There is alcohol in 50g alcohol solution A and 350g alcohol solution B: (2000+50+350)×65%= 1560 (g).

Increase alcohol: 1560- 1500=60 (g)

When the concentration ratio of the two alcohol solutions is 3: 1, 50g alcohol solution a is replaced by alcohol solution b, which is equivalent to 50÷ 1/3= 150 (g) alcohol solution b.
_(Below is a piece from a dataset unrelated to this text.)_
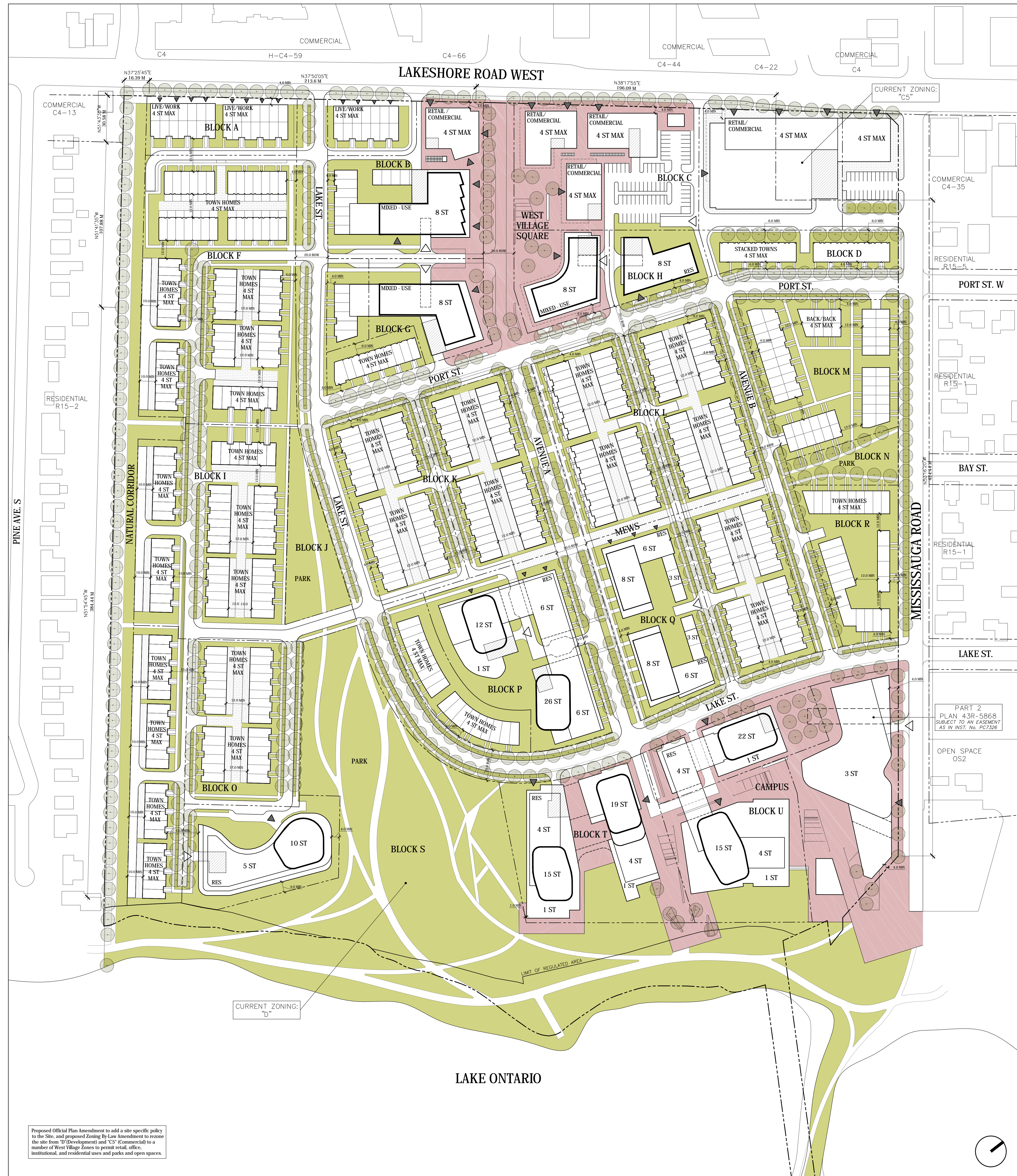
3 STATISTICS A0.02 NTS

Proposed Official Plan Amendment to add a site specific policy to the Site, and proposed Zoning By-Law Amendment to rezone the site from 'T' (Development) and 'C2' (Commercial) to a number of West Village Zones to permit retail, office, institutional, and residential uses and parks and open spaces.

The added 60 grams of alcohol is equivalent to 150+350=500 grams of alcohol in alcohol solution b, so the concentration of alcohol solution b is 60÷500= 12%.

Then the concentration of alcohol solution A is 12%×3=36%.

2. The mixed alcohol solution contains pure alcohol: 200×2 1%=42 (liter).

20 liters of ethanol solution contains pure alcohol: 20×20%=4 liters.

200-20= 180 (L) At this time, the volumes of the two alcohol solutions are equal, and the mixed concentration is: (20%+50%)÷2=35%.

If 180L is a mixed alcohol solution of ethylene and propylene, there should be pure alcohol: 180X 35% = 63 (L), which is much more than the actual situation: 63-(42-4)=25 (L).

In fact, some are methanol solutions. When the concentration is 35%, 35%- 10%=25% per liter. This part of the solution is: 25÷25%= 100 (liter).

Then the alcohol solution of B is: (200- 100+20)÷2=60 (liter).

The alcohol solution of C is 60-20=40 (liter).